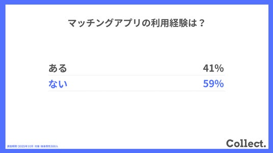 ディーエムソリューションズ株式会社(東証スタンダード上場)が運営するメディア「Collect.(コレクト)」では、男性300人にマッチングアプリの利用に関するアンケート調査を実施しました。
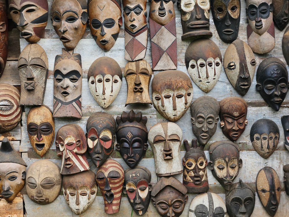 Transfer naar het Masaka district. Onderweg wordt uiteraard gestopt bij de evenaar. Een van de winkeltjes hier heeft een hele fraaie verzameling Afrikaanse maskers.
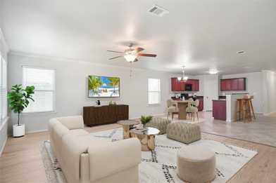 Updated, spacious home in Remington Point located within Eagle Mountain ISD. Fresh, neutral paint throughout, updated designer flooring featuring 18inch tile laid on the diagonal with travertine transitions and new luxury vinyl plank! Bright, updated lighting with two inch blinds help to make this an amazing space! As you enter the home, you're greeted with a large entry hall with two bedrooms and a full bathroom at the front of the house. To your left, as you walk down the impressive entry hall, you'll find a large media room with double French doors and built in shelving. The media room is buffered with a spacious transition area which also leads to a generous sized laundry room. The kitchen is oversized with a long breakfast bar and opens to the living room. There is a nice dining space combined with the kitchen also open to the living room. The primary suite includes a second linen closet off of its private hall and is very large. The primary suite bath is very nice and has a big walk in closet. The most notable features of the home are its flowing floor-plan, very spacious rooms, and the beautiful paint and tile work throughout. Schedule your tour today, and make this your new home!
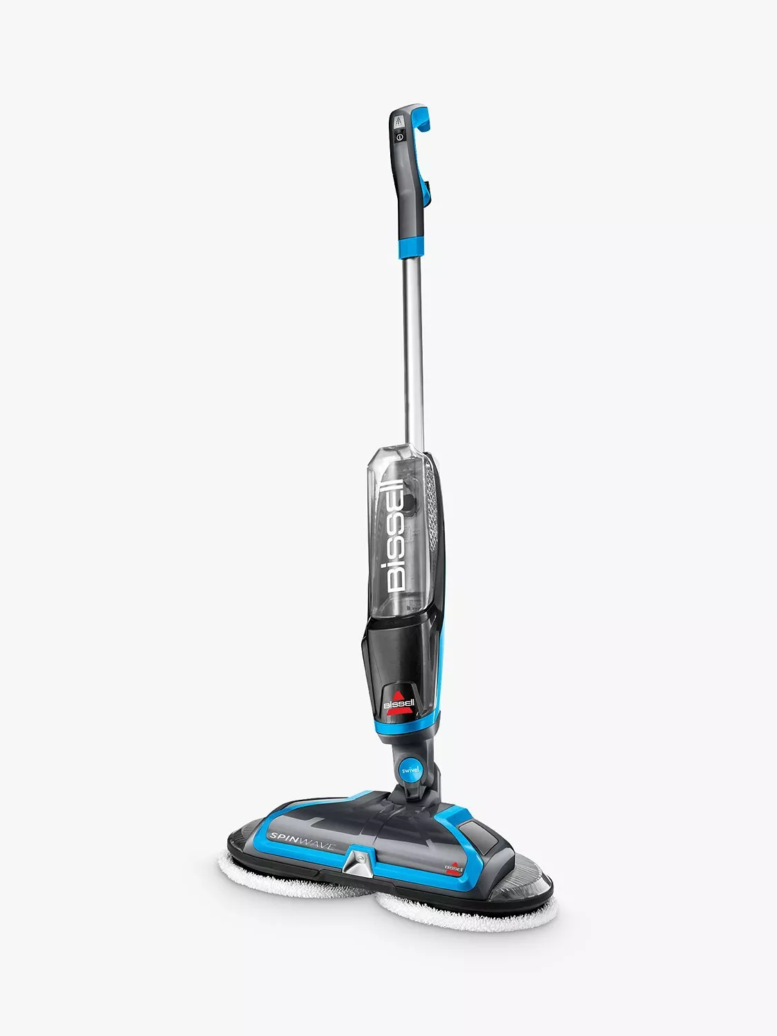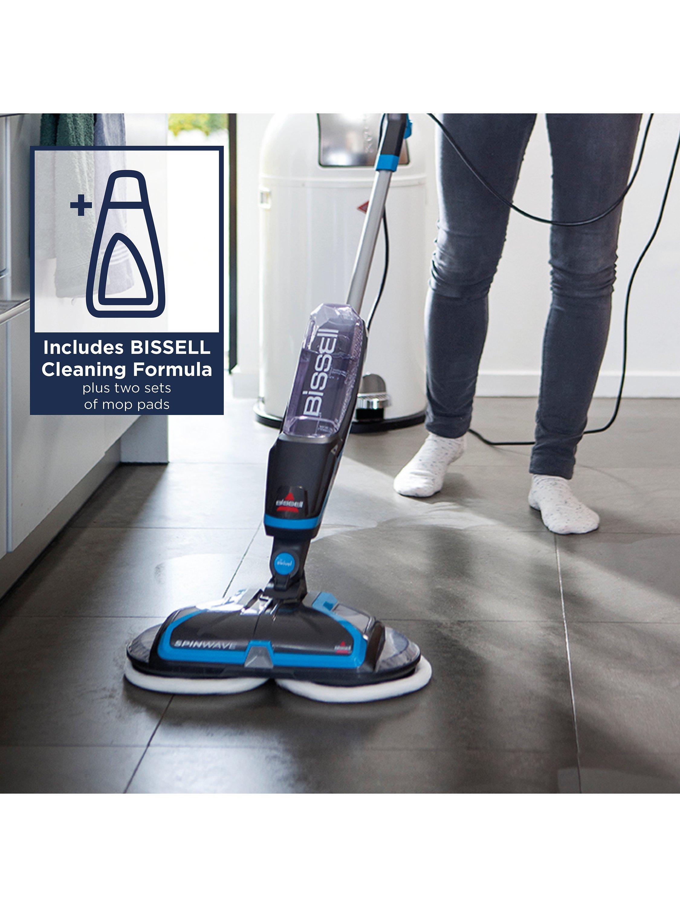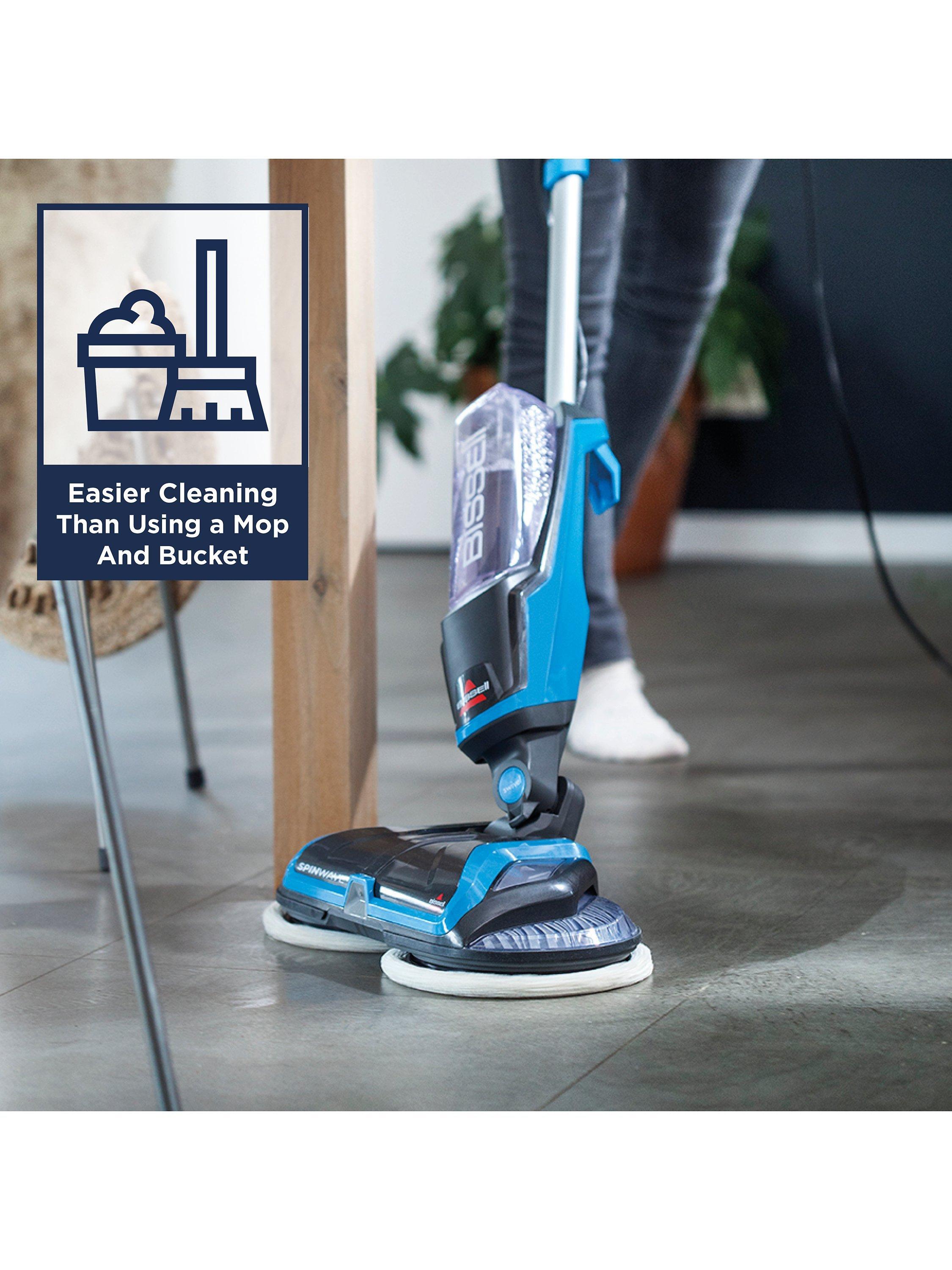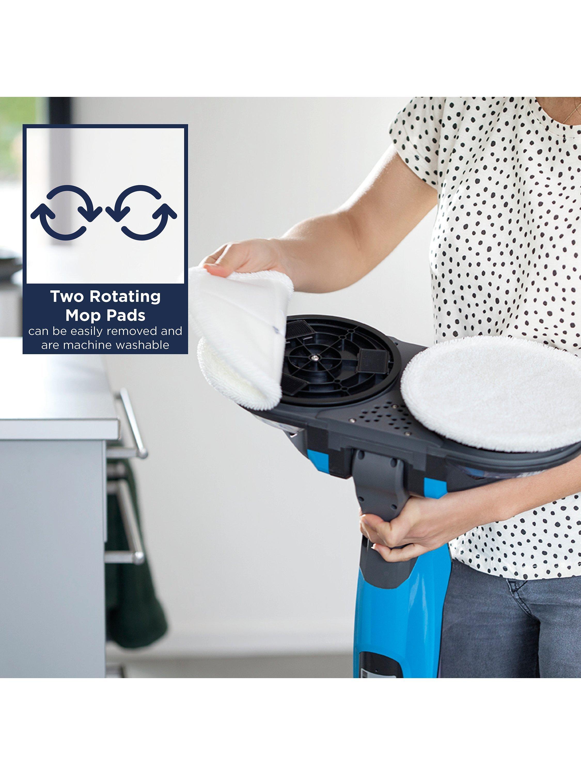 Powered rotating spray mop, for washing hard floors including tiles, stone, laminate and delicate wood.
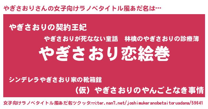 | 意味不明あだ名 | 『眠気覚ましガムやぎさおり味』 |
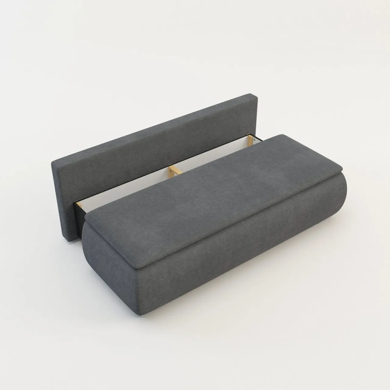 - Pojemnik pod siedziskiem to dodatkowa przestrzeń do przechowywania pościeli oraz innych domowych tekstyliów.
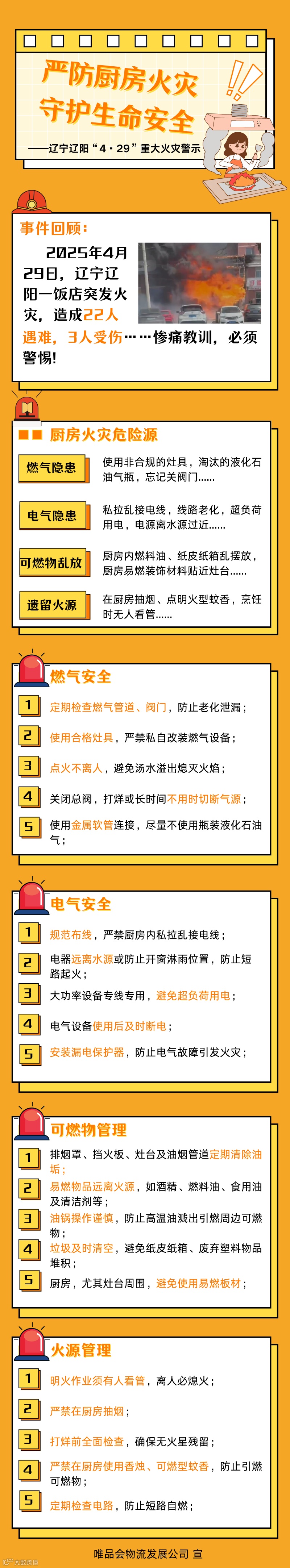 严防厨房火灾 守护生命安全 唯品会物流发展公司
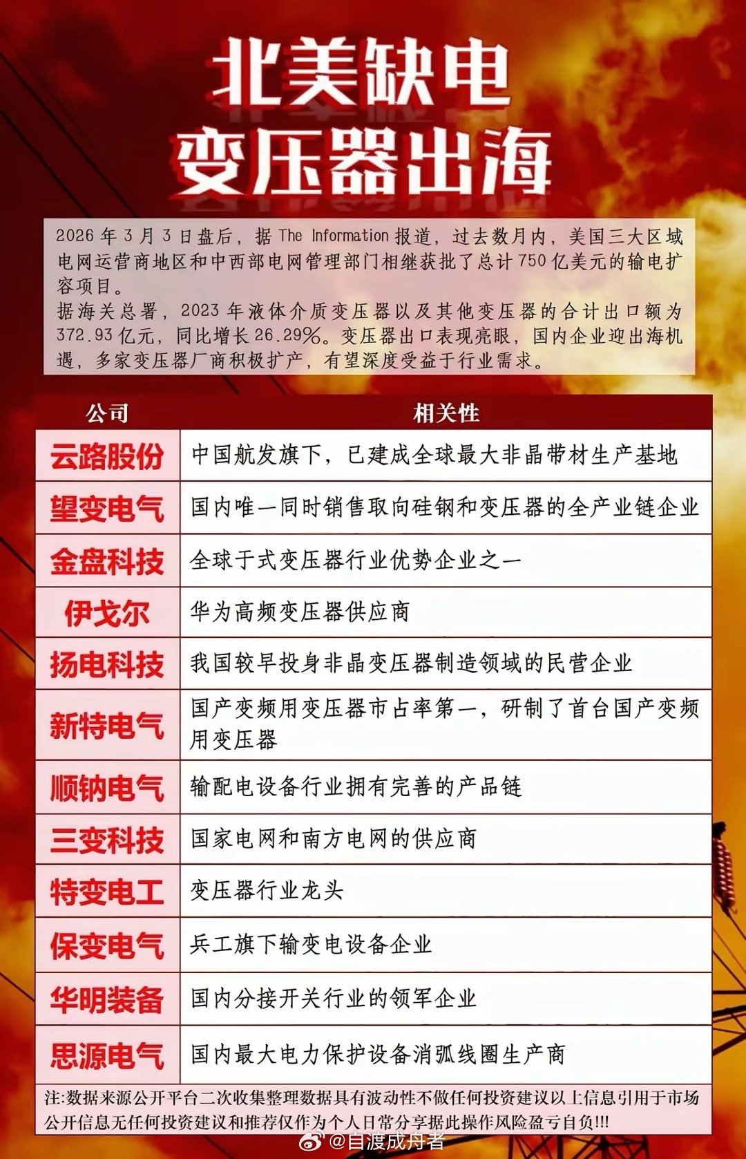 横跨材料、变压器整机、输配电三大环节,这12家公司正在浪潮中“闷声发大财”:
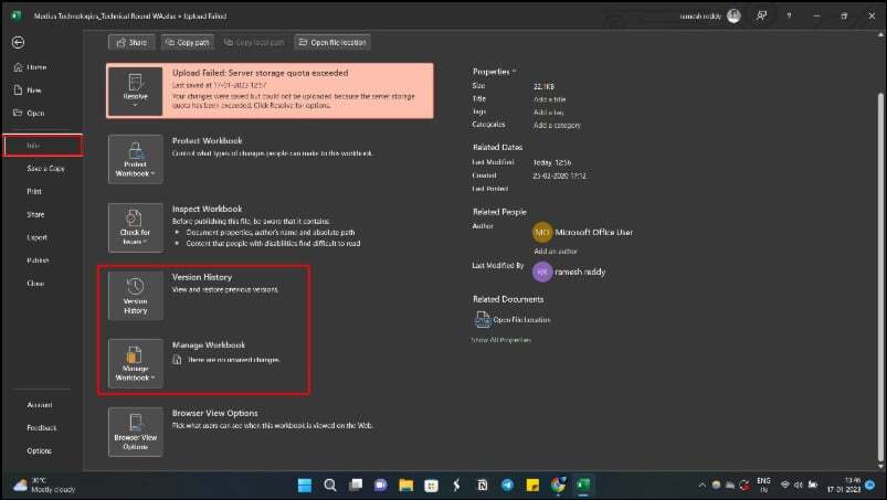 - 2단계: " 파일 " 옵션을 클릭한 다음 " 정보 "를 클릭합니다. 온라인에 저장된 동일한 파일의 이전 버전을 보려면 버전 기록을 선택할 수 있습니다.
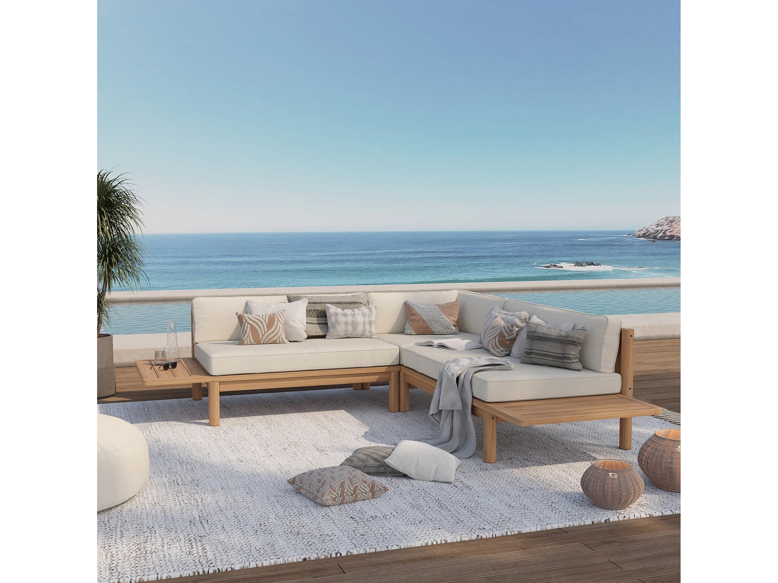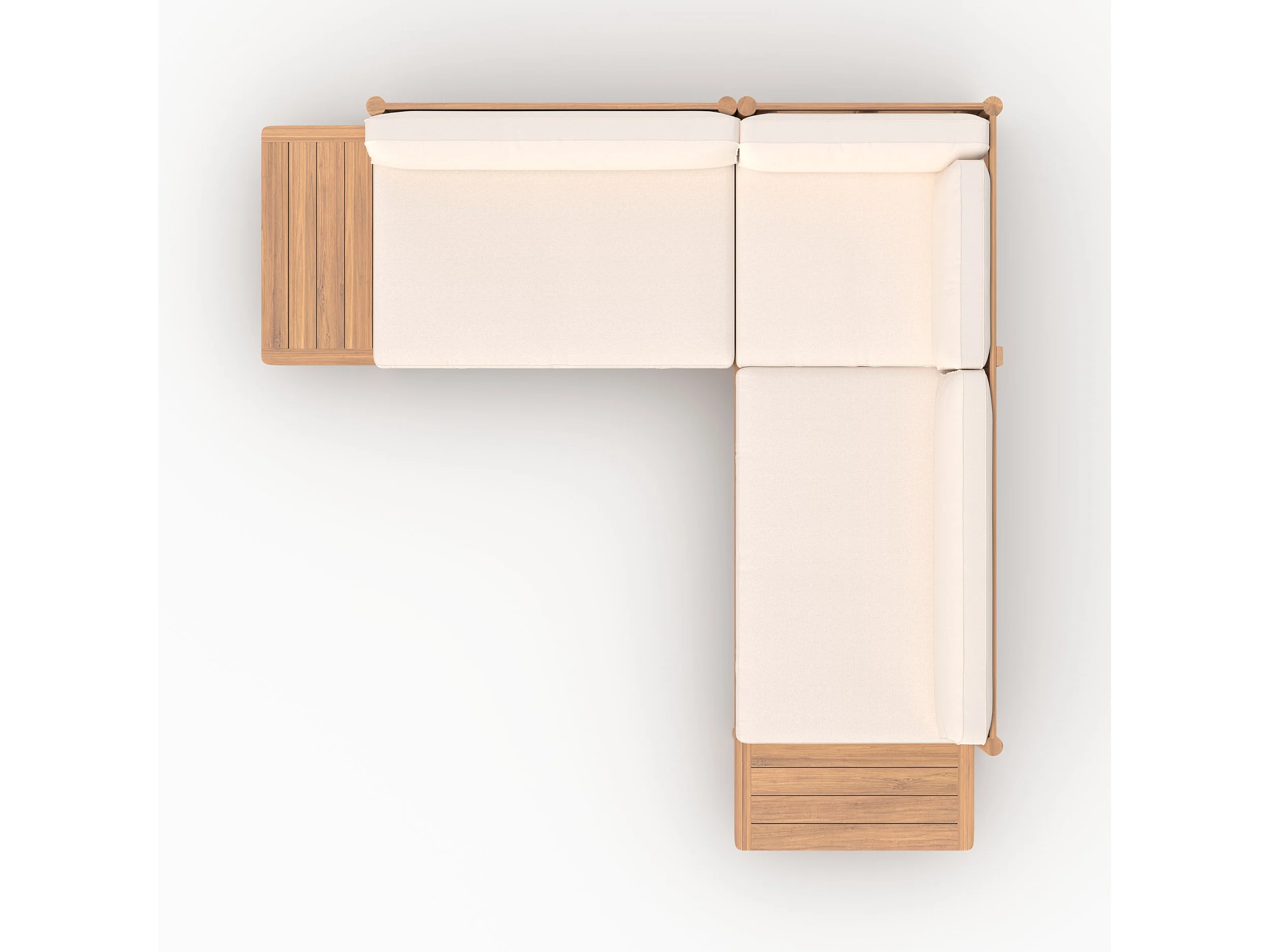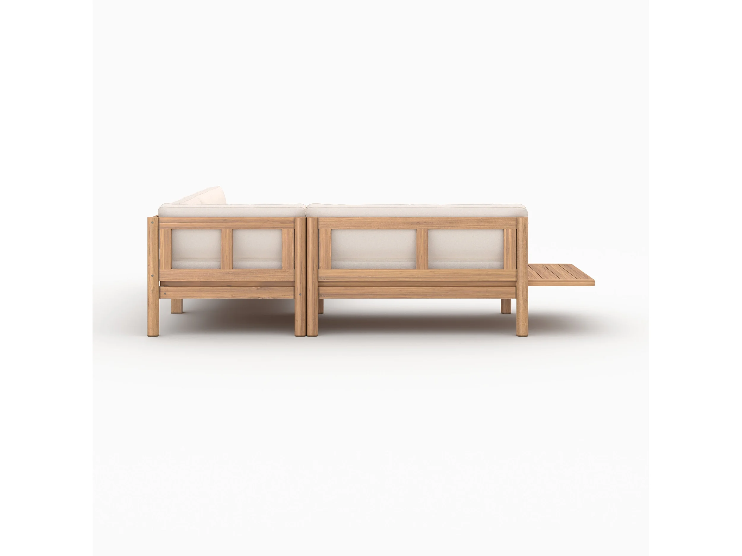 Divano angolare da giardino in teak massello e cuscini bianchi 4 posti - Nadila

•••

TASK INSTRUCTIONS: Although the records contain pictures, restate them word for word with those pictures left out.

RESPONSE FOR THIS EXERCISE:
 ディーエムソリューションズ株式会社(東証スタンダード上場)が運営するメディア「Collect.(コレクト)」では、男性300人にマッチングアプリの利用に関するアンケート調査を実施しました。
 Transfer naar het Masaka district. Onderweg wordt uiteraard gestopt bij de evenaar. Een van de winkeltjes hier heeft een hele fraaie verzameling Afrikaanse maskers.
 Updated, spacious home in Remington Point located within Eagle Mountain ISD. Fresh, neutral paint throughout, updated designer flooring featuring 18inch tile laid on the diagonal with travertine transitions and new luxury vinyl plank! Bright, updated lighting with two inch blinds help to make this an amazing space! As you enter the home, you're greeted with a large entry hall with two bedrooms and a full bathroom at the front of the house. To your left, as you walk down the impressive entry hall, you'll find a large media room with double French doors and built in shelving. The media room is buffered with a spacious transition area which also leads to a generous sized laundry room. The kitchen is oversized with a long breakfast bar and opens to the living room. There is a nice dining space combined with the kitchen also open to the living room. The primary suite includes a second linen closet off of its private hall and is very large. The primary suite bath is very nice and has a big walk in closet. The most notable features of the home are its flowing floor-plan, very spacious rooms, and the beautiful paint and tile work throughout. Schedule your tour today, and make this your new home!
 Powered rotating spray mop, for washing hard floors including tiles, stone, laminate and delicate wood.
 | 意味不明あだ名 | 『眠気覚ましガムやぎさおり味』 |
 - Pojemnik pod siedziskiem to dodatkowa przestrzeń do przechowywania pościeli oraz innych domowych tekstyliów.
 严防厨房火灾 守护生命安全 唯品会物流发展公司
 横跨材料、变压器整机、输配电三大环节,这12家公司正在浪潮中“闷声发大财”:
 - 2단계: " 파일 " 옵션을 클릭한 다음 " 정보 "를 클릭합니다. 온라인에 저장된 동일한 파일의 이전 버전을 보려면 버전 기록을 선택할 수 있습니다.
 Divano angolare da giardino in teak massello e cuscini bianchi 4 posti - Nadila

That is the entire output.